Pan Australian said offers are being assessed to lease finance the $US31 million ($A40.6 million) consideration for the fleet and ancillary equipment. The company said the first equipment is scheduled to be delivered and commissioned onsite by December.
Meanwhile, GSJBW said the lack of news flow post the capital raising for the Phu Kham project had been the primary reason for the disappointing share price performance.
“Pan Australian is producing gold from Phu Bia and is now well funded (including contingency and in addition a capital cost over-run and working capital facility) to develop the Phu Kham project,” GSJBW said.
“We thus believe that over the next six to 18 months there is likely to be a significant re-rating of Pan Australian as the market looks to the earnings growth in FY08 – or a corporate may recognise this value.”
On Phu Kham, GSJBW said it was very competitively placed in terms of capital intensity and below the 50th percentile position in the estimated 2009 global C1 cash operating costs.

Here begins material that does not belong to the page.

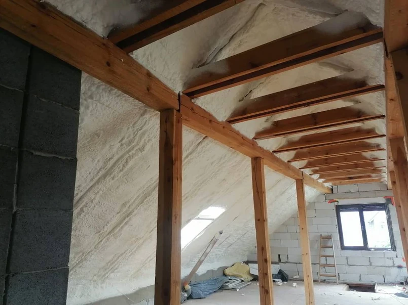 Pianka poliuretanowa to jedna z najlepszych opcji izolacji, niezależnie od tego, jaki kształt dachu ma budynek – dwuspadowy, czterospadowy, modułowy czy kopertowy. Im bardziej skomplikowany kształt, tym ULTRAPUR korzystniej wypada na tle innych materiałów izolacyjnych. Dzięki natryskowej metodzie wytwarzania pianki na miejscu budowy („in-situ”) tworzy się na ścianach oraz stropach ciągłą warstwę izolacji cieplnej i akustycznej, bez mostków termicznych. Piana, wnikając w każdą szczelinę, znakomicie wiąże się z podłożem. W ten sposób uszczelnia budynek, chroniąc zarówno przed zimnym wiatrem, jak i ciepłymi promieniami letniego słońca. Naniesiona warstwa poliuretanu ma charakter monolityczny, nic z niej nie odpada, ani nie wykrusza się, nawet po wielu latach od aplikacji.
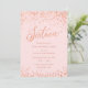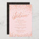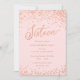 Invitaciones a la fiesta de cumpleaños del Rosa Gold Sweet 16: Confeti de oro rosa Bonito diseño de fiesta de 16º cumpleaños con brillantes puntos de polka de Relieve metalizado rosa de oro. Oro Rosa "Dieciséis" escrito en tipografía manuscrita. Las letras contemporáneas rellenan los detalles del fiesta. [Tenga en cuenta que mientras los elementos de este diseño se imprimirán para que parezcan Relieves metalizados, no se utiliza ningún Relieve metalizado real o tinta metálica para crear las invitaciones - el Relieve metalizado de oro rosa es un efecto impreso.]

The $232 million Phu Kham project is expected to produce about 52,000 tonnes of copper, 47,000oz of gold and 400,000oz of silver annually when it comes online in 2008.
Pan Australian expects to produce about 30,000oz from its Phu Bia operation in Laos this year, and its shares gained 1c (3.7%) during morning trade to 28c, capitalising the company at $A392 million.
GSJBW, which has a Buy recommendation on Pan Australian, has put a valuation of 46c and an upside of 55c on the company.